Japan Coast Guard Rescues Another US Service Member Swept Out to Sea on Okinawa

This aerial June 2016 photo shows Henoko of Nago city, Okinawa prefecture, Japan, where the Japanese government plans to relocate a U.S. air base from one area of Okinawa’s main island to another. (Hiroko Harima/Kyodo News via AP)
This aerial June 2016 photo shows Henoko of Nago city, Okinawa prefecture, Japan, where the Japanese government plans to relocate a U.S. air base from one area of Okinawa’s main island to another. (Hiroko Harima/Kyodo News via AP)

CAMP FOSTER, Okinawa -- For the second time in a month, a Japanese coast guard helicopter rescued a U.S. service member swept to sea Sunday at a popular but often dangerous swimming and diving spot known as Mermaid Grotto.

Three U.S. service members were pulled away from shore by a rip tide, according to a 2:20 p.m. emergency call by another service member, said Takeru Kamisato, a spokesman for Japan's 11th Regional Coast Guard in Naha.

"Two made it back on their own, but one got left behind," he said.

A helicopter rescued the service member and took him to the coast guard base station in Naha.

"The service member wasn't hurt," Kamisato said.

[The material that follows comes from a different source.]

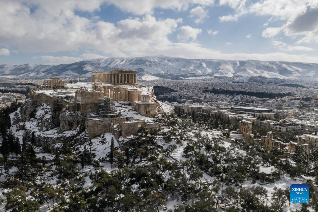 Aerial photo taken on Jan. 25, 2022 shows the Acropolis of Athens covered in snow after heavy snowfall in Athens, Greece. Much of Greece was paralyzed on Tuesday for a second day after heavy snowfall caused hours of travel disruptions and power cuts. (Photo by Lefteris Partsalis/Xinhua)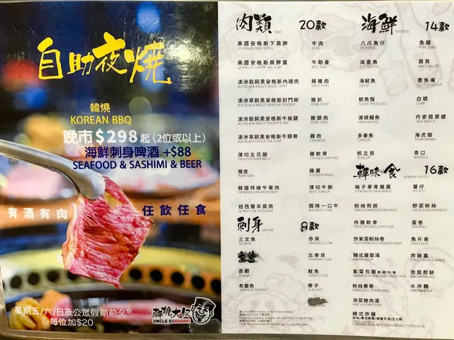 肉類當然也不會少選擇,主打 六款不同部位的安格斯牛及澳牛,包括美國安格斯下肩胛肉、美國安格斯肩胛翼、澳洲穀飼黑安格斯內群肉、澳洲草飼黑安格斯封門柳、澳洲穀飼黑安格斯牛板腱、澳洲草飼黑安格斯牛頸脊。另外有韓式牛肉、韓式牛肋骨、韓式辣豬肉、韓式豬扒、韓式豬頸肉、韓式雞肉、韓式雞軟骨、韓式雞翼、薄切牛脷、霜降一口牛、、五花腩薄切、韓國豬皮、紐西蘭羊肩肉及韓國午餐肉。單是看這陣營也知道不可能吃不飽吧,而且肉類醃得入味可口,燒出來自然十分美味😍

He did not identify the three service members. A U.S. military spokesperson did not immediately respond to a request for further information.

A high-wave warning was in effect across the Okinawa main island, with strong southwest winds reaching close to 21 knots on Sunday.

Mermaid Grotto, also known as Apogama, seems like a family-friendly beach with a cave and tide pool at low-tide; however, it gets rough quickly when the wind shifts to the north or west, and a rip current can occur when the tide is going out or coming in.

A sign posted at the entrance to Apogama, written in English and Japanese, warns visitors of the hazardous and unpredictable water conditions and recommends water-related activities be conducted at a safer location of the island.

On June 15, a group of four service members was swept out to sea at the same site. A Marine in the group -- rescued by a Japanese coast guard helicopter -- suffered minor injuries.

In March, a Japanese diver died near Mermaid Grotto. A U.S. sailor died in a diving mishap there in 2016.